Speech Averaging: “A Visit From St. Nicholas”

Consider the performance art of reciting poetry.  We recognize that it can be done well or poorly, that everybody will do it a little differently, and that no two performances will ever be quite alike.  But what if we were to average a number of recitations?  Would the result approach an ideal “performance” that sounds more impressively proficient in the conventions of the genre—however we might feel about those conventions—than any of its component sources?  Or would it only strip away the essence of artistic interpretation, yielding something that seems coldly robotic and inhuman?

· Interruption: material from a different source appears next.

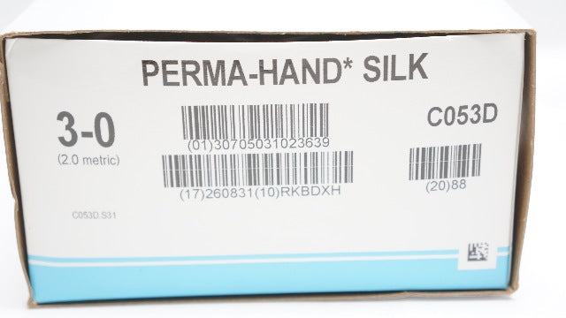 - Ethicon C053D 3-0 PERMA-HAND SILK, RB-1, 17mm 1/2c Taper, 18inch - Box of 11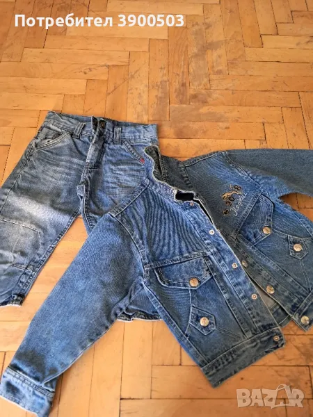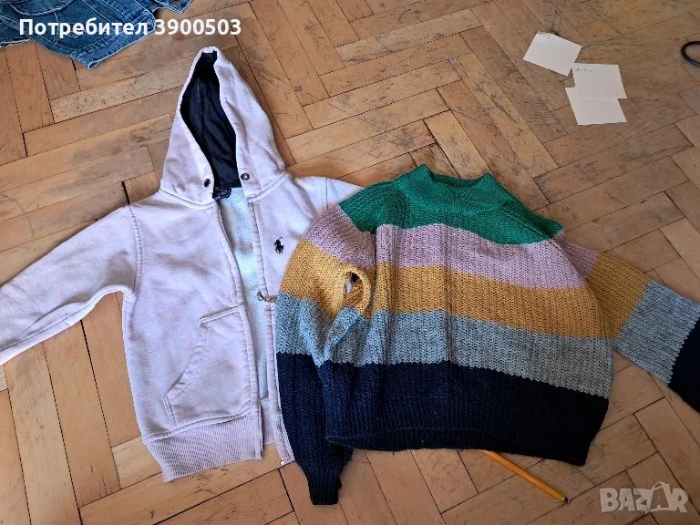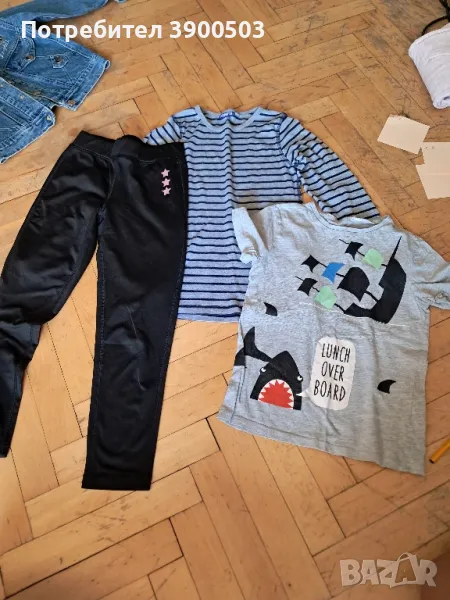 В много добро състояние са. Цената е за всичките. Тениска, клин, дънково яке, къси дънки, суитчър, пуловер и блуза с дълъг ръкав.

miss-america-winners-1921-to-2017-median

Average of portraits of every Miss America winner from 1921 through 2017

Analogous questions have long since been explored in the realm of visual attractiveness.  Averaging a number of faces, for example, has been shown—it’s claimed—to produce composites that are more attractive than any of the individual sources.  This so-called “averageness effect” is typically explained in evolutionary terms, the idea being that averaging reinforces the most widely shared traits of a population while factoring out anomalies that might correspond to harmful mutations.  There have also been some attempts to extend this principle to the aural attractiveness of human voices, which could invite a similar evolutionary interpretation.  But poetry recitation, as a species of verbal art, draws us more clearly into questions of culture—specifically, the cultural expectations we have of a “good” recitation, not that we all necessarily agree about what those are.  Is a “good” recitation good because its formal patterning matches some culturally established prototype (in which case an average could be even “better”) or because it expresses some unique sensibility on the part of the reciter (in which case an average should fall flat)?  Are the “best” recitations the most typical or the most individualistic?  In short, does the attractiveness of recitations work in the same way that the attractiveness of faces is alleged to work?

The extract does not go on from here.